Silvio DaVinci (282 posts) • 0

Just check the events calendar. Napa Valley Wine Bar has all you can eat pizza nights for Halloween week. (Halloween decorations, games, board games and candle lit dinner tables too :)

About the meaning of Halloween, it's all commercialized. Just like Christmas. Plus some places in the US can be an absolute bore too with Halloween. What's important, just like with Christmas and thanksgiving is to share it with friends, have a fun time and enjoy it with some good food and drinks in my opinion.

If I knew people had time off (which people don't as they work and teach also in the weekend) and there would be a lot of people coming we'd have a masked ball or something classy with real atmosphere.

I don't think it's right to criticize an American/ Irish holiday in a country where they barely introduced the hamburger.

Quester (233 posts) • 0

I never meant to criticise a holiday that is relevant to the Irish or Americans, sorry if I gave that impression.

Your comment about the commercialisation of holidays is part of what I meant about it being sad when the meaning is lost. The things you said which are important are the 'what', not the 'why'.
I personally think that someone celebrating a festival without knowing the meaning is diminishing & demeaning that festival.
What if you were hosting a party to celebrate your engagement or birth of your child, and someone says, "I don't care, I just want to get drunk & hit on the chicks"?
I would be quite unimpressed, but maybe that's just me.

Silvio DaVinci (282 posts) • 0

Yes, you're absolutely right about that Quester. I don't agree with that mentality at all (I met plenty people like that in the past. They'd fly out through my door without having opened it first.) But when you are limited in your means and people, you just have to make the best of it :) Especially when you're in a "strange" country. I think being with family and friends is more important then than a festival's original meaning. In the past it was that kind of mentality which made the people in remote countries like Australia and New Zealand stronger.

Quester (233 posts) • 0

It is true that when we are in a different country it is important to often have simple community (for community's sake alone) with loved ones and compatriots. However, coming from the "remote" Down Under myself, I found that when I am out of my home culture I sometimes cling to it even more, especially at festival times. For me it actually reinforces the significance and meaning of the cultural festivals when they come around. So especially at those times, when we hang out with loved ones we remember and celebrate our culture and the significance of the particular festival. And then at other times we can also try to learn about and celebrate local festivals too.

Silvio DaVinci (282 posts) • 0

PS: although it isn't listed on the events calendar anymore, all you can eat pizza with drinks continues this whole weekend :)

If interested we have Satuday evening a special VIP wine tasting with lecture (incl. all you can eat pizza on top for free)
We have a few spaces available. This is NOT a public event, so reservation is required. (18687190314)

yankee00 (1632 posts) • 0

"how would it be relevant to people in Kunming?"

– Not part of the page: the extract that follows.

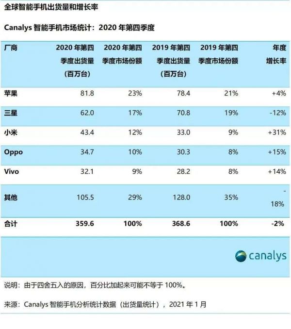 iPhone 12系列发布之初,有不少网友表示“十三香”,现在看来也并非如此。iPhone 12系列首销期间,就已经拿下了不错的成绩。Canalys 公布的报告显示,2020年Q4全球智能手机出货量达到了3.596亿部,同比下降2%。苹果在单个季度的iPhone出货量创下历史新高,以8180万部的出货量稳居第一,相比去年同期增长4%。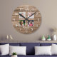 Rustic Wood 4 Photo Collage Family Name Quote Round Clock

People in Kunming and every other place in China have been deprived of the traditional beliefs and celebrations that shaped the Chinese society since a few decades ago, so they probably don't really know what to cling on to and unfortunately now learn to celebrate without acknowledging the meanings of the festivals that they hear about as long as it means having a good time with family and friends. Even Mid-Autumn festival itself, one of the most important Chinese celebrations, has only been made official a couple of years ago.

Quester (233 posts) • 0

Yes, tragic. So, celebrating Western festivals with them, will we perpetuate that? Or will we introduce the meaning as well as the forms of the Western festivals we celebrate with them?

GoK Moderator (5096 posts) • 0

Hey, in my hometown the Chinese New Year is celebrated by all the local Chinese and even the British community are beginning to join in. The Scottish tradition of halloween moved across the water, when I was a kid in UK we did not have trick or treat, we only saw it on American TV, and we never had pumpkins (we had to make do with a turnip. Now in the UK we do the whole American halloween thing. And in America now, halloween costumes are no longer related to ghouls and ghosts, people dress up as anything (superheroes, aliens, cartoon characters, etc.).
Nothing ever stays the same.

faraday (213 posts) • 0

Turnips were the original halloween veg, not pumpkin. Pumpkin came later.

It occurred to me that i was wrong to say earlier that halloween and mid-autumn festival are the same. Although both are harvest festivals and originally celebrated in more or less the same way, a major difference is that the celtic one, now known as halloween, also marked the new year.
Celts have nothing to do with saints. The former preceeded the latter by at least 10.000 years, and probably a lot more.